> [WHAT NEEDS TO BE DONE]
Pictures must not appear in the copy. Restate exactly the lines below from the one with "外運![]() | 冨沢今日一さんの外運は17画の4つ星!積極的な行動力。地位を気づき財産を手に入れる。純粋な心と直感力。" through the one with "熨斗の種類は(丸山オリジナル", inclusive.

> [RECORDS SUPPLIED]
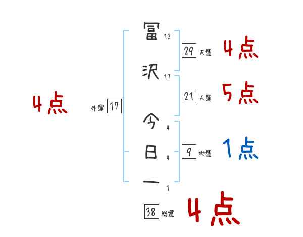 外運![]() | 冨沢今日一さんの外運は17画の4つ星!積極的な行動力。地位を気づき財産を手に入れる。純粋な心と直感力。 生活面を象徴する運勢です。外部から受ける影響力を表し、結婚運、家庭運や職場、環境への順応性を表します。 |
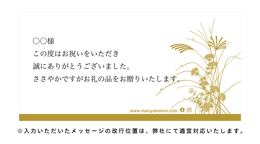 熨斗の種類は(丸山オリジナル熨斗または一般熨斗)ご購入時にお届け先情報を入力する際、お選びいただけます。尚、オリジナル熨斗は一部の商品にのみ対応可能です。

--

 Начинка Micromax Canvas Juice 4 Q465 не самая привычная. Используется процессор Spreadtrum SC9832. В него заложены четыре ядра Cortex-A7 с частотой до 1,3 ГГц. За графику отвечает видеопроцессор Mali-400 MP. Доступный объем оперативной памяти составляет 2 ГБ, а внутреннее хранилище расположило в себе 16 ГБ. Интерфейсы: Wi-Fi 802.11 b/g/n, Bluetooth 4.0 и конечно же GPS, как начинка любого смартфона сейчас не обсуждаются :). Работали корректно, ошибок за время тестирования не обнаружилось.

> [TASK RESULT]
 外運![]() | 冨沢今日一さんの外運は17画の4つ星!積極的な行動力。地位を気づき財産を手に入れる。純粋な心と直感力。 生活面を象徴する運勢です。外部から受ける影響力を表し、結婚運、家庭運や職場、環境への順応性を表します。 |
 熨斗の種類は(丸山オリジナル熨斗または一般熨斗)ご購入時にお届け先情報を入力する際、お選びいただけます。尚、オリジナル熨斗は一部の商品にのみ対応可能です。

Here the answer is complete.